If $a+b+c=0$ then the roots of $ax^2+bx+c=0$ are rational ?
Is it a "If and only if " statement or "only if " statement ?
For $a,b,c \in \mathbb Q$ , I think it is a "if and only if" statement . Am I correct ?
I can prove that if $a+b+c=0$ and $a,b,c \in \mathbb Q$ , then roots are rational.
But I can not prove that if roots are rational and $a,b,c \in \mathbb Q$ , then $a+b+c=0$.
Any help ? or any conditions that $ax^2 +bx+c =0 $
should satisfy in order to have rational roots ?
My clarifications :
1) What is a rational number ? It is a number which can be written in the form $\frac{p}{q} $ , where $q \neq 0$ and $p , q \in \mathbb Z$
2)
In this case : Let's take the quadratic equation $ax^2+bx+c=0$ where $a \neq 0$.
We all know that the roots are given by , $$x=\frac{-b \pm \sqrt{b^2-4ac}}{2a}$$
Case 1 : Suppose that $a,b,c \in \mathbb Q$.
Then $x$ is rational if and only if $b^2-4ac$ is a perfect square or zero $(0,1,4,9,16,…)$.
Now we need to make $b^2-4ac$ a perfect square !
Now observe that if $a+b+c=0$ , then $b^2-4ac = (-a-c)^2-4ac=(a-c)^2$
That is if $a,b,c \in \mathbb Q$ and $a+b+c=0$ then the solutions are rational.
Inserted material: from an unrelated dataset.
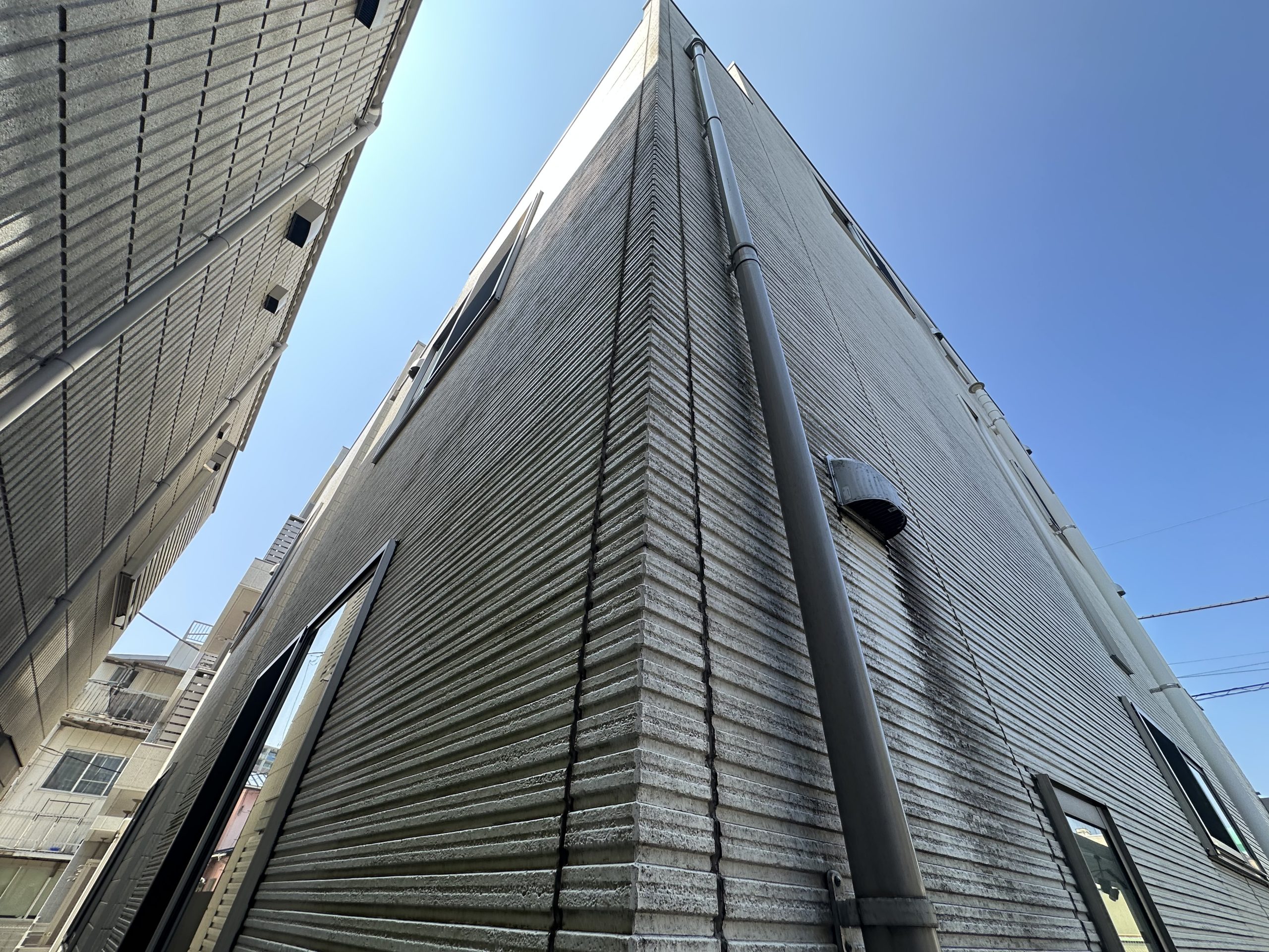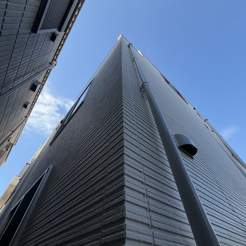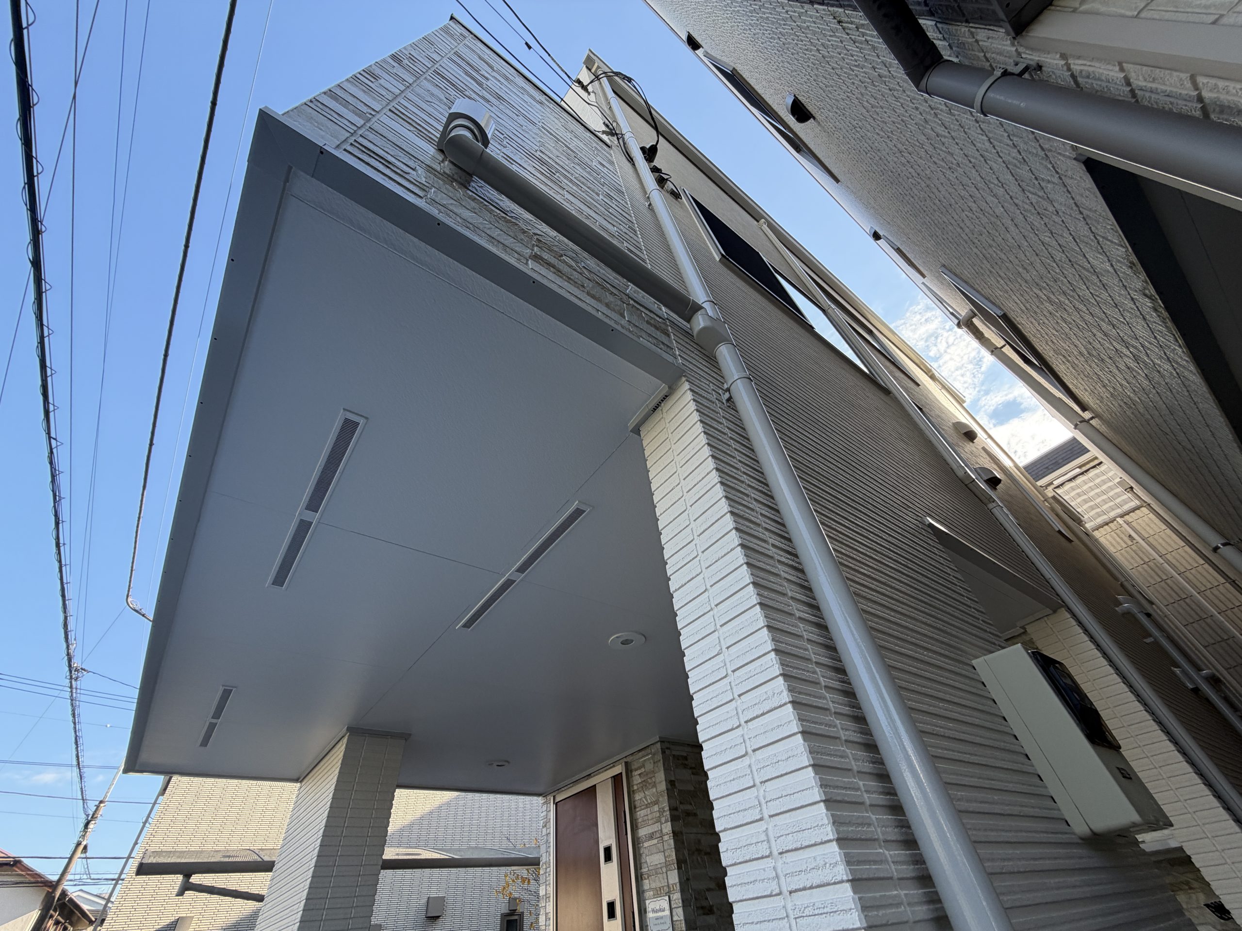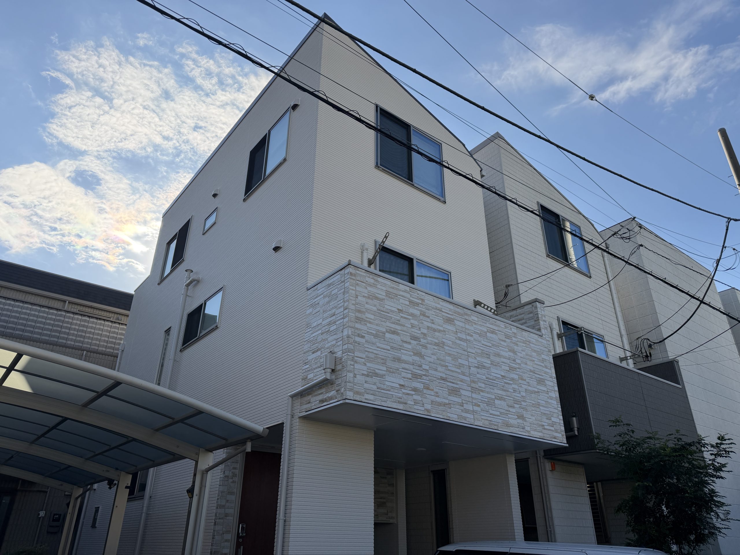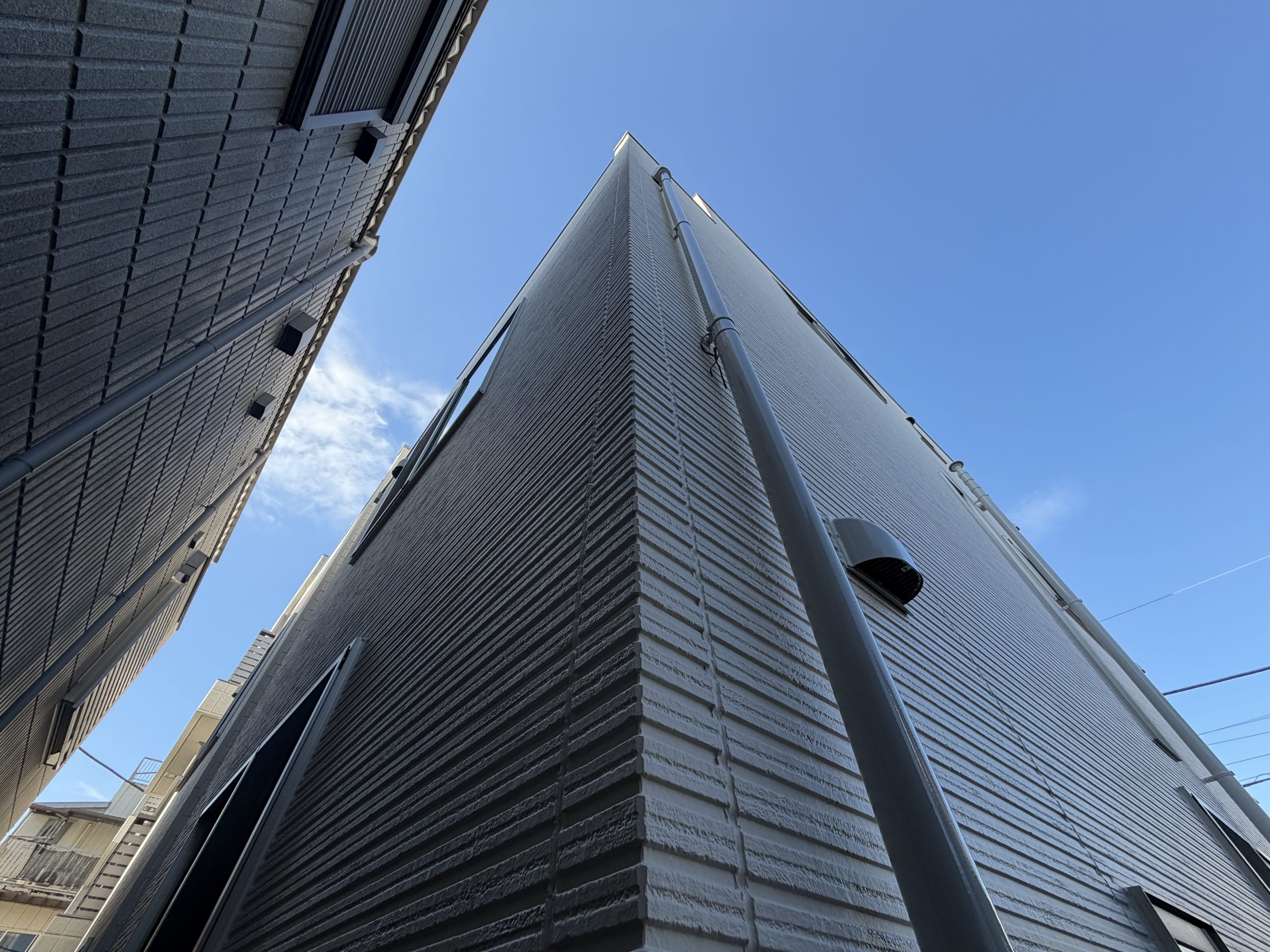 3階建の戸建て住宅の外壁、屋根塗装でした。 外壁は道路面にタイル調のサイディングが張ってあり、施主様のご意向でタイル調の部分だけ意匠性の変えずにサイディングの保護機能を付加するクリア塗料を使用しました。 塗料は単色部分が水谷ペイントの最高級塗料であるナノコンポジットMUKI、クリア部分は日本ペイントのピュアライドUVプロテクトDFクリヤーを使用しました。 施主様は夏場の3階の暑さにお悩みでしたので屋根の塗料はアステックペイントの遮熱塗料であるスーパーシャネツサーモFを使用しました。 また換気扇周辺のカビと苔にお悩みでしたがナノコンポジットMUKIは汚れが非常につきにくい超低汚染性と艶の少ない高い意匠性と防藻性能を高いレベルで両立した塗料となっていますので、今後長期間に渡って綺麗な状態を維持できると思います。 |

Case 2 : Suppose that $a,b,c \in \mathbb Q$.
If $c=0$ , then all the roots are rational. (This is easy if all $a,b,c$ are rationals)
Case 3 : Suppose that $b,c \in \mathbb R- \mathbb Q$.(If $a$ is irrational we can divide by $a$ )
$a+b+c=0$ condition does not satisfy.
Ex : $(1-\sqrt{2})x^2-2x+(1+\sqrt{2})=0$
Best Answer
If $a+b+c= 0 \implies x = 1$ is a root and is a rational number, and the other root is $x = \dfrac{c}{a}$ also a rational number since $a, c \in \mathbb{Q}$. To see a counter example for the other part, take $a = c = 3, b = 10$, then $a+b+c = 16 \neq 0$, yet the equation $3x^2+10x+3 = 0$ has rational roots $x = -3, -\dfrac{1}{3}$. Thus it is an "IF" statement and not "IF AND ONLY IF".